*Exercise input*.
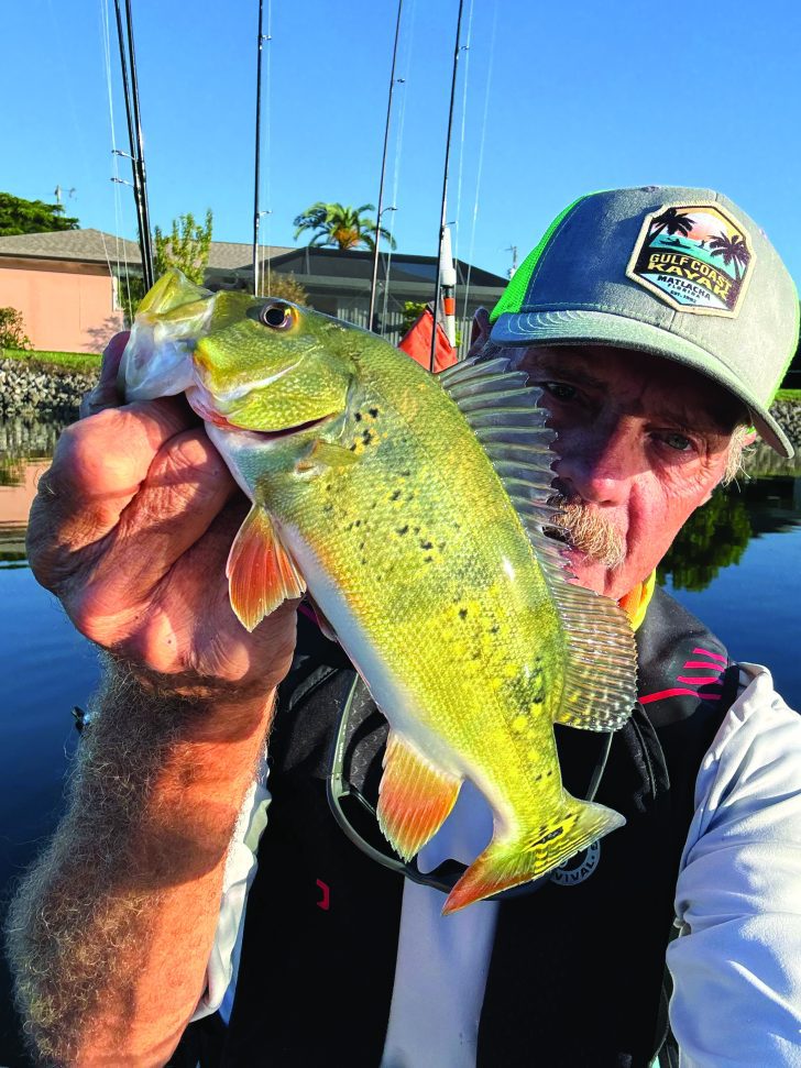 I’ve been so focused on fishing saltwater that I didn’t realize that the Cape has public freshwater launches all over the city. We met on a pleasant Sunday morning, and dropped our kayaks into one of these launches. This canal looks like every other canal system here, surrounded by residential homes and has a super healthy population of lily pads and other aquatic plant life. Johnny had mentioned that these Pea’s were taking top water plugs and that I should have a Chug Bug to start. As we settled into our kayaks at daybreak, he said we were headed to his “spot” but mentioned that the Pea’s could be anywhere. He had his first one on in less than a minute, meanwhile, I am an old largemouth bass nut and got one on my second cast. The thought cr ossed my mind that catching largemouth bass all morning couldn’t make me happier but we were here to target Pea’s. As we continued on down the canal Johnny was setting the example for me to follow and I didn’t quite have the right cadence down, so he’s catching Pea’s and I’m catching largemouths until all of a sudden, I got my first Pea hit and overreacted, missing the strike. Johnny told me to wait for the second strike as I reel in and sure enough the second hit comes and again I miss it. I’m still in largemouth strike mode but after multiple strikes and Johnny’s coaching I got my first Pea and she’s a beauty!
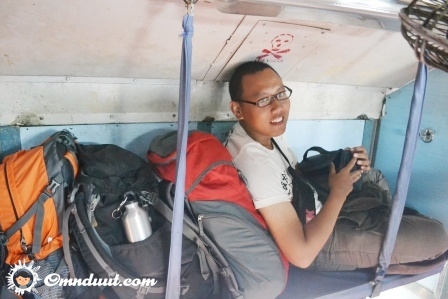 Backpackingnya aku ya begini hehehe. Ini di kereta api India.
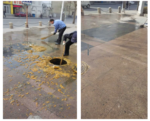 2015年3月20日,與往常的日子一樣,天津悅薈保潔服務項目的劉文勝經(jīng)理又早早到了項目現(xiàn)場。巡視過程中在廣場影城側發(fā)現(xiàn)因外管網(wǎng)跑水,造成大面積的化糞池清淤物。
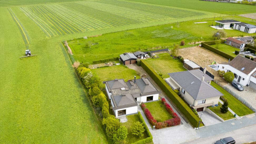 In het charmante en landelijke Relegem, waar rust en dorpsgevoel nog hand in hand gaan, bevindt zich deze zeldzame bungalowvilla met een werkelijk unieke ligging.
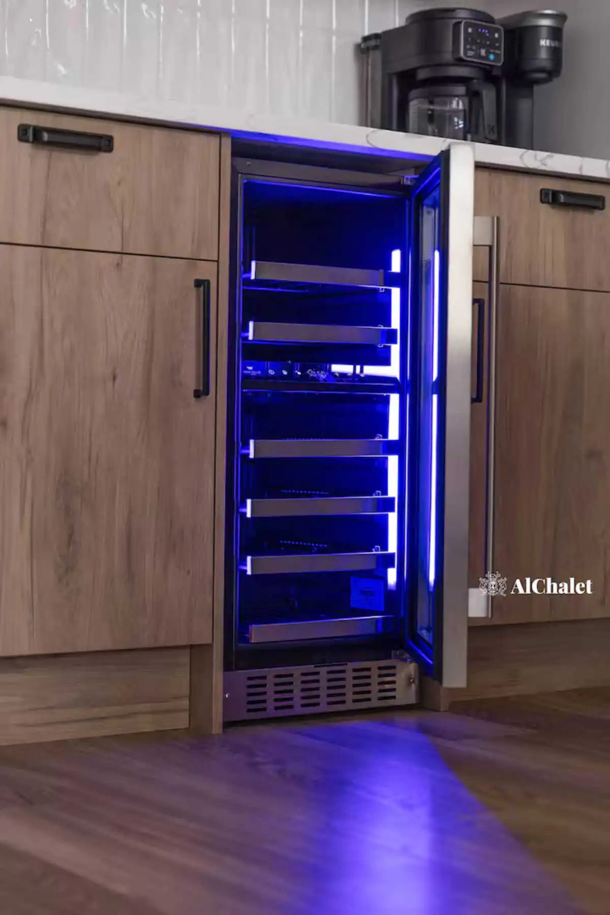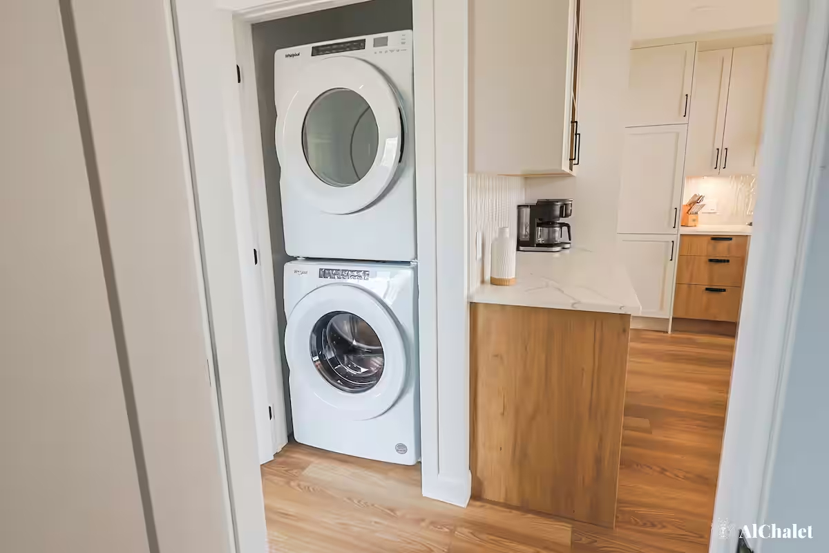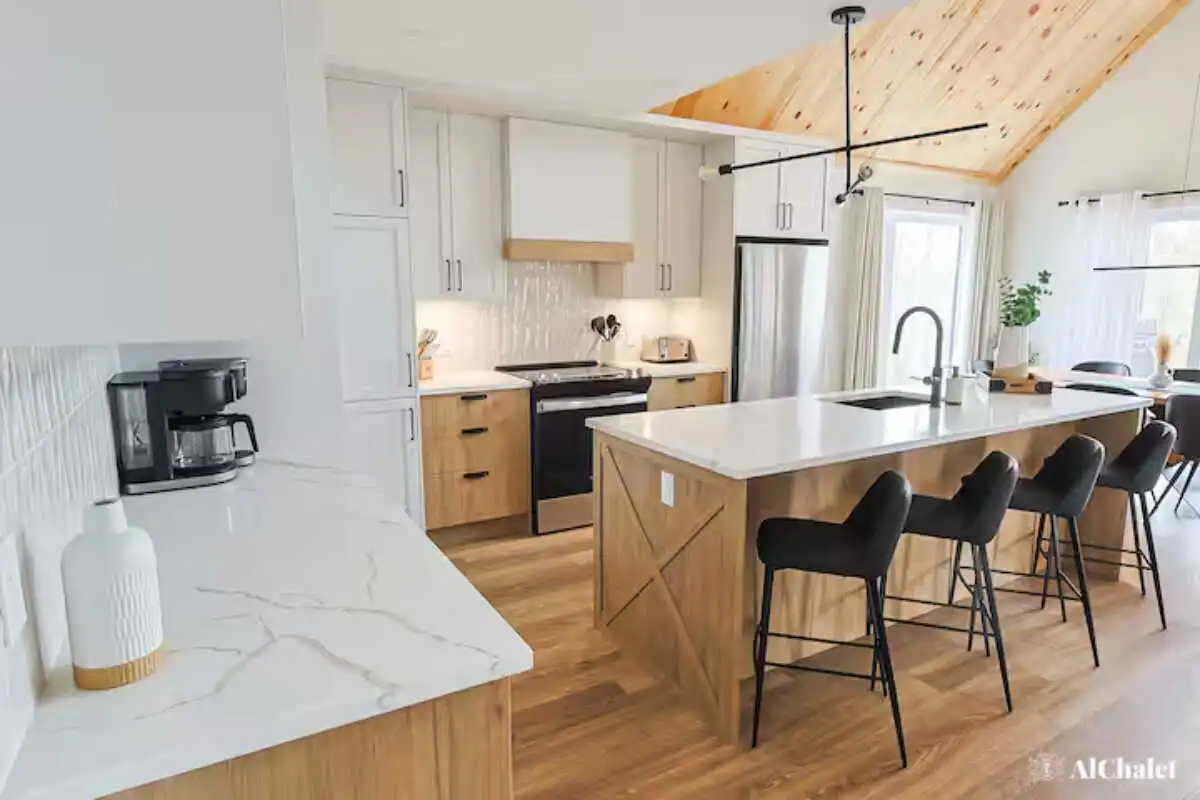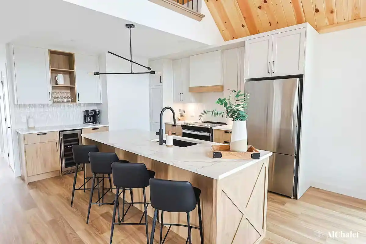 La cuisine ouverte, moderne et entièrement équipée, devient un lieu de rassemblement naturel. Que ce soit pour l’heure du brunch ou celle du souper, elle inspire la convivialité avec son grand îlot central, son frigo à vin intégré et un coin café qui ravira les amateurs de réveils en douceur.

*What is expected*.
Pictures aside, restate the entries word for word.

*Output*.
 I’ve been so focused on fishing saltwater that I didn’t realize that the Cape has public freshwater launches all over the city. We met on a pleasant Sunday morning, and dropped our kayaks into one of these launches. This canal looks like every other canal system here, surrounded by residential homes and has a super healthy population of lily pads and other aquatic plant life. Johnny had mentioned that these Pea’s were taking top water plugs and that I should have a Chug Bug to start. As we settled into our kayaks at daybreak, he said we were headed to his “spot” but mentioned that the Pea’s could be anywhere. He had his first one on in less than a minute, meanwhile, I am an old largemouth bass nut and got one on my second cast. The thought cr ossed my mind that catching largemouth bass all morning couldn’t make me happier but we were here to target Pea’s. As we continued on down the canal Johnny was setting the example for me to follow and I didn’t quite have the right cadence down, so he’s catching Pea’s and I’m catching largemouths until all of a sudden, I got my first Pea hit and overreacted, missing the strike. Johnny told me to wait for the second strike as I reel in and sure enough the second hit comes and again I miss it. I’m still in largemouth strike mode but after multiple strikes and Johnny’s coaching I got my first Pea and she’s a beauty!
 Backpackingnya aku ya begini hehehe. Ini di kereta api India.
 2015年3月20日,與往常的日子一樣,天津悅薈保潔服務項目的劉文勝經(jīng)理又早早到了項目現(xiàn)場。巡視過程中在廣場影城側發(fā)現(xiàn)因外管網(wǎng)跑水,造成大面積的化糞池清淤物。
 In het charmante en landelijke Relegem, waar rust en dorpsgevoel nog hand in hand gaan, bevindt zich deze zeldzame bungalowvilla met een werkelijk unieke ligging.
 La cuisine ouverte, moderne et entièrement équipée, devient un lieu de rassemblement naturel. Que ce soit pour l’heure du brunch ou celle du souper, elle inspire la convivialité avec son grand îlot central, son frigo à vin intégré et un coin café qui ravira les amateurs de réveils en douceur.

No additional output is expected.